Los vecinos de Torrejón de Ardoz han denunciado en los últimos años la presencia masiva de palomas en el centro, un problema que genera suciedad y preocupa por cuestiones de salubridad. Según han denunciado en Telemadrid, los excrementos y las plumas de estas aves provocan además la aparición de plagas de chinches y pulgas.
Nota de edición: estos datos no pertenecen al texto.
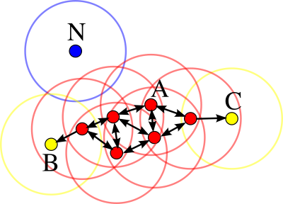 - Точка A q достижима из p, если имеется путь с и , где каждая точка достижима прямо из (все точки на пути должны быть основными, за исключением q).

En declaraciones a Diario de Torrejón, fuentes municipales han explicado que el Ayuntamiento cuenta actualmente con una empresa contratada para el control de plagas, incluyendo la sobrepoblación de palomas en toda la ciudad. El método empleado, aprobado por normativa, consiste en la colocación de jaulas con cebos que permiten capturar a las aves para regular su población.
No obstante, los técnicos han señalado que la instalación de estas jaulas no es posible en todos los edificios y zonas del municipio, ya que requieren estructuras adecuadas para su colocación. «Es complicado, es un tema que pasa en todas las ciudades, difícil de controlar porque se trata de aves que no tienen enemigos naturales y que, por tanto, es fácil que haya una superpoblación», han apuntado desde el área de Medio Ambiente.
El Ayuntamiento también trabaja en buscar soluciones alternativas para las áreas donde no se pueden colocar las jaulas, con el objetivo de implementar nuevas medidas de control a lo largo del próximo año.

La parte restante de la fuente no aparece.